Croatia: Support to the prison system of the Republic of Croatia (CRO PRISYS)

Twinning project to support the Croatian prison system: Dr. Peter Best, Project Leader; Katharina Tegeder, IRZ; Siegfried Löprick, long-term advisor (from left to right)
Twinning project to support the Croatian prison system: Dr. Peter Best, Project Leader; Katharina Tegeder, IRZ; Siegfried Löprick, long-term advisor (from left to right)

EU Twinning

Project leader: Dr. Peter Best 
Junior project leader: Francesca Melis Pont 
RTA: Siegfried Löprick 
Responsible at the IRZ: Johannes Schlicht, Christian Schuster

This project was conducted with the Spanish partner institution FIIAPP (International and Ibero-American Foundation of Administration and Public Policies) and the Ministry of Justice of the Republic of Croatia. It commenced on 9 March 2016 and ended on 8 June 2017. The targeted goals were achieved in this period. The overarching goal of the project was to support the Croatian penitentiary system by increasing the qualification of the staff and improving management within the system. Furthermore, the implementation was to be supported of the European Convention for the Protection of Human Rights and Fundamental Freedoms in the Croatian prison system.

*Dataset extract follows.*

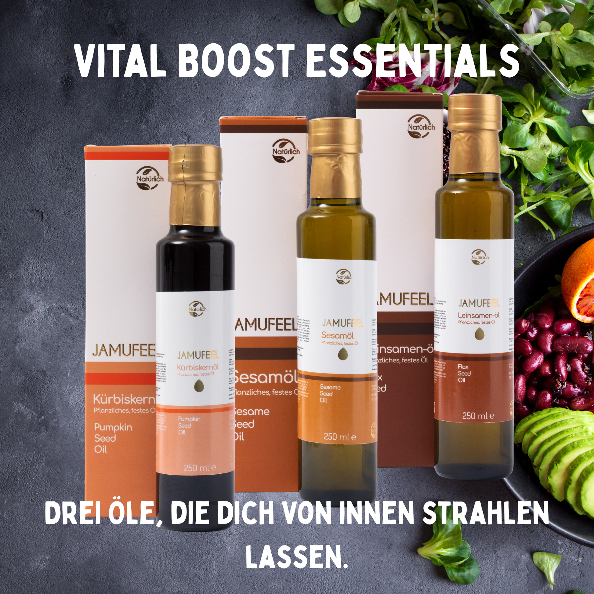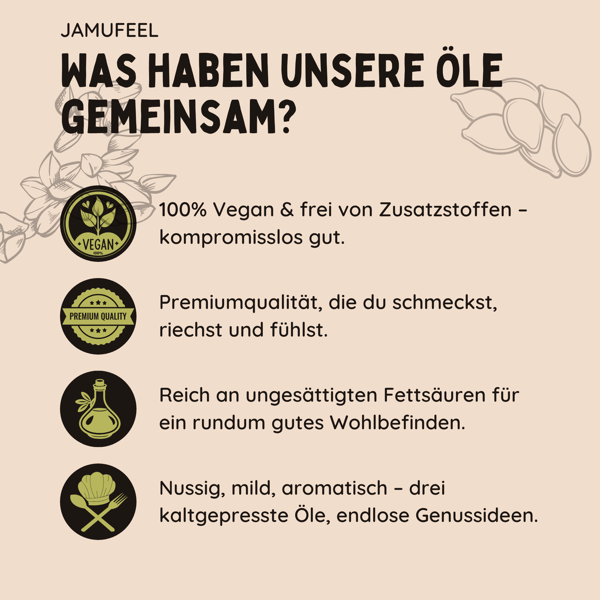 Entdecke die pure Kraft der Natur in drei exklusiven Flaschen: Sesamöl, Leinsamenöl und Kürbiskernöl – 100% naturrein und schonend kaltgepresst, um das volle Aroma und alle wertvollen Nährstoffe zu bewahren. Ob für knackige Salate, cremige Smoothies oder aromatische Dips – jedes Öl bringt seinen eigenen, unverwechselbaren Charakter auf den Teller: nussig, mild oder aromatisch – für endlose Genussideen in deiner Küche. Unsere Premiumqualität kannst du nicht nur schmecken, sondern auch riechen und sehen. Die Öle sind vegan, frei von Zusatzstoffen und reich an wertvollen ungesättigten Fettsäuren, die dir täglich mehr Vitalität, Ausgeglichenheit und Genuss schenken.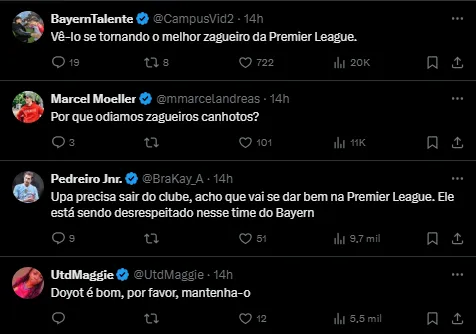 O beque francês, de 25 anos, portanto, tem a concorrência de Matthijs de Ligt, Kim-min Jae e Eric Dier. Os três são considerados atletas importantes no esquema de Vincent Kompany para a próxima temporada.

The concrete project goal was to develop and implement a long-term system for the further training of prison officers.

The project consisted of two components: the first component examined the relevant legislation and proposed improvements. Additionally, the organisational structure of the training centre for the prison system was reviewed and adapted to EU standards. A training strategy was developed, as well as long-term training programmes and respective training materials. The strategy and these materials were published on the training centre’s website. Moreover, trainers were trained, who in turn trained prison staff. Furthermore, a study trip was conducted for five prison officers. In the second component, training programmes and corresponding materials for the juvenile penitentiary system were developed and published on the training centre’s website. A study trip was also carried out in this field. Here, special emphasis was placed on public relations.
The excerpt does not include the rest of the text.